▶ _TASK STATEMENT_
When you reach the line with "大阪送料無料★3か月保障付き" in the listing below, write out that line and every one after it exactly, and skip the pictures.

▶ _DATASET EXCERPT_
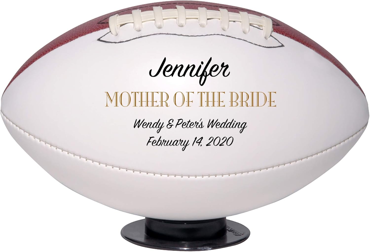 This personalized ring bearer football wedding gift comes in 3 sizes: mini 6 inch, mid 9 inch, or full 12 inch. Custom made to order with your ring bearer’s name, the wedding party and date, this football is the perfect wedding gift for toddlers, little boys, and older boys. Our footballs make for a fun and exciting ring bearer proposal gift. There is no better way to ask someone to be your ring bearer, especially if he’s a big football fan, than with a customized football that not only tells him how well you know him, but also how much he means to you. Not only that, but it can serve as a snazzy save the date! Show your appreciation by commemorating your wedding day with a ring bearer football gift from the bride and groom, or as a gift to the ring bearer from his parents. It is sure to be a wedding keepsake that your ring bearer cherishes for years to come!
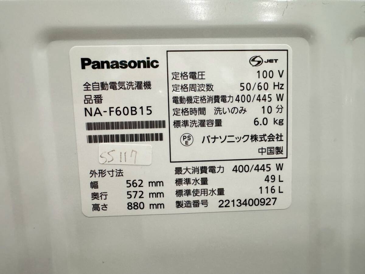 大阪送料無料★3か月保障付き★洗濯機★パナソニック★6kg★2022年★NA-F60B15★SS-117
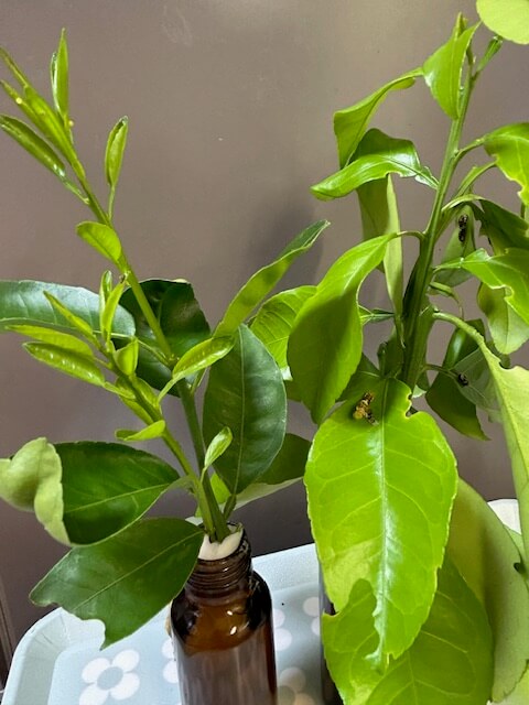 ベランダの柑橘に新芽がどんどん出ているのにもったいない、と思っていたところ。

▶ _REPLY_
 大阪送料無料★3か月保障付き★洗濯機★パナソニック★6kg★2022年★NA-F60B15★SS-117
 ベランダの柑橘に新芽がどんどん出ているのにもったいない、と思っていたところ。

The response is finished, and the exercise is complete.